Download the image below and drag it into ComfyUI to load the corresponding workflow.

Workflow

Use the image below as an input image.

input

checkpoints

loras

model_patches

clip_visions

Please download all models and place them in the following directories:

📂 ComfyUI/
├── 📂 models/
│   ├── 📂 checkpoints/
│   │   └── flux1-dev-fp8.safetensors
│   ├── 📂 loras/
│   │   └── uso-flux1-dit-lora-v1.safetensors
│   ├── 📂 model_patches/
│   │   └── uso-flux1-projector-v1.safetensors
│   ├── 📂 clip_visions/
│   │   └── sigclip_vision_patch14_384.safetensors

3. Workflow instructions

Workflow

  1. Load models:
    • 1.1 Ensure the Load Checkpoint node has flux1-dev-fp8.safetensors loaded
    • 1.2 Ensure the LoraLoaderModelOnly node has dit_lora.safetensors loaded
    • 1.3 Ensure the ModelPatchLoader node has projector.safetensors loaded
    • 1.4 Ensure the Load CLIP Vision node has sigclip_vision_patch14_384.safetensors loaded
  2. Content Reference:
    • 2.1 Click Upload to upload the input image we provided
    • 2.2 The ImageScaleToMaxDimension node will scale your input image for content reference, 512px will keep more character features, but if you only use the character’s head as input, the final output image often has issues like the character taking up too much space. Setting it to 1024px gives much better results.
  3. In the example, we only use the content reference image input. If you want to use the style reference image input, you can use Ctrl-B to bypass the marked node group.
  4. Write your prompt or keep default
  5. Set the image size if you need
  6. The EasyCache node is for inference acceleration, but it will also sacrifice some quality and details.
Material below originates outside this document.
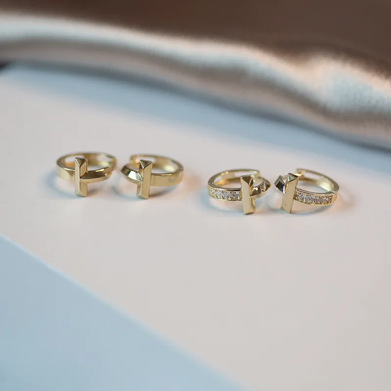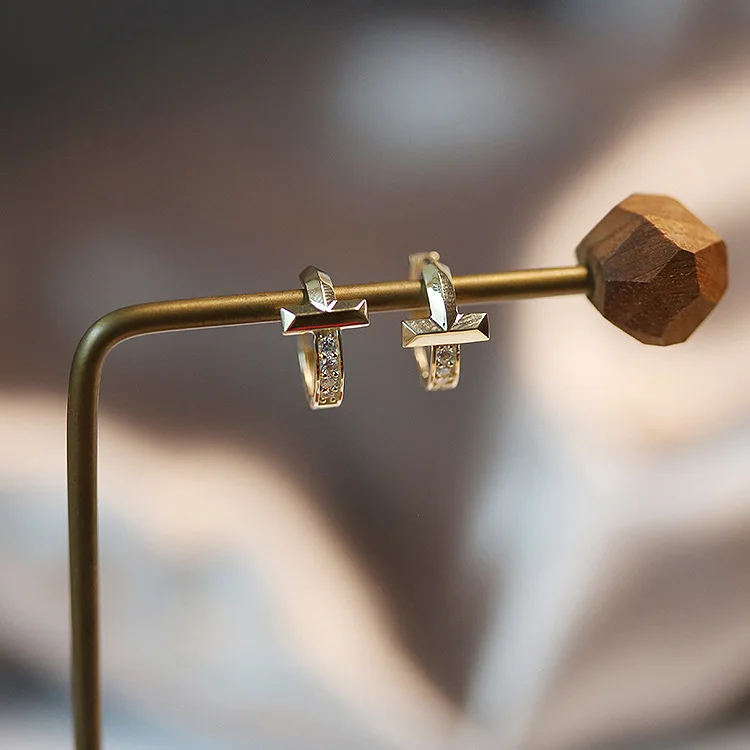 CHOZON S925 Silver 14K Gold Plated Cross Ear Cuff Zircon Minimalist 3D Statement Jewelry Gift for Women

You can bypass it (Ctrl+B) if you don’t need to use it.
  7. Click the Run button, or use the shortcut Ctrl(Cmd) + Enter to run the workflow

4. Additional Notes

  1. Style reference only:

We also provide a workflow that only uses style reference in the same workflow we provided

Workflow The only different is we replaced the content reference node and only use an Empty Latent Image node.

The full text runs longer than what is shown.